The panel acknowledged that we are in a transitional phase with OA, and some of these pains are teething pains. Everyone was optimistic that things would settle down and change for the better. It was noted that in the early stages of Plan S, there was an idea that there shouldn’t be a burden on researchers for making the payment, and whilst that holds true in terms of the fact a lot of funders in Europe offer an OA fund to pay for the fees, it is still difficult to work out what will be paid, if you don’t have access to tools and expertise that will support you with this. 

A More Equitable World 

We started with the researcher and author, so we are going to give them the final word, this time as a reader – the person that OA is designed to benefit. When Vanessa finished her PhD she worked for the government in Palau, a Pacific Island nation. Since the very start of her studies, she had always had access to the research she needed through a university and now it felt like she had been shut out of a club.  

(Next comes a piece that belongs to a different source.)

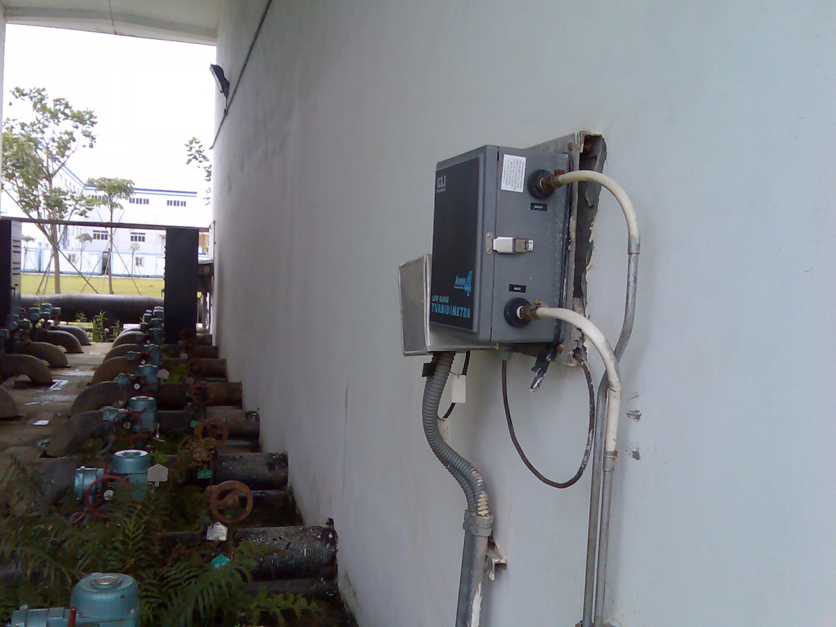 我廠凈水站整套設備由常州江南電力設備集團有限公司提供。由兩套機械石英砂過濾器和二氧化氯加藥設備制備生活用水、兩組沉淀池以及對應的絮凝劑和助凝劑加藥設備制備工業(yè)水組成。由于考慮到工業(yè)用水和生活用水對濁度的要求較高,機械石英砂過濾器出口濁度和沉淀池出口濁度,是生活水和工業(yè)水出水合格的標準,因此要求廠家提供測量穩(wěn)定可***的濁度計,通過與常州江南電力設備集團有限公司溝通協(xié)商選用由GLI Division of HACH CO.生產(chǎn)型號為8320T1A0C3NC測量裝置和型號為T53A4A2N二次儀表組成的濁度儀。

OA relieves some of this problem but, if the research you need to find has been paywalled for any reason, then it is still hard to access the articles you need. That’s why the panel were so keen to discuss alternatives, even if not all of them fully solve the problem or if the proliferation of them causes confusion. It’s through community endeavor from libraries, funder policies, and innovative thinking from publishers that this will eventually be solved so that the reader, author, and researcher are able to access research without barriers.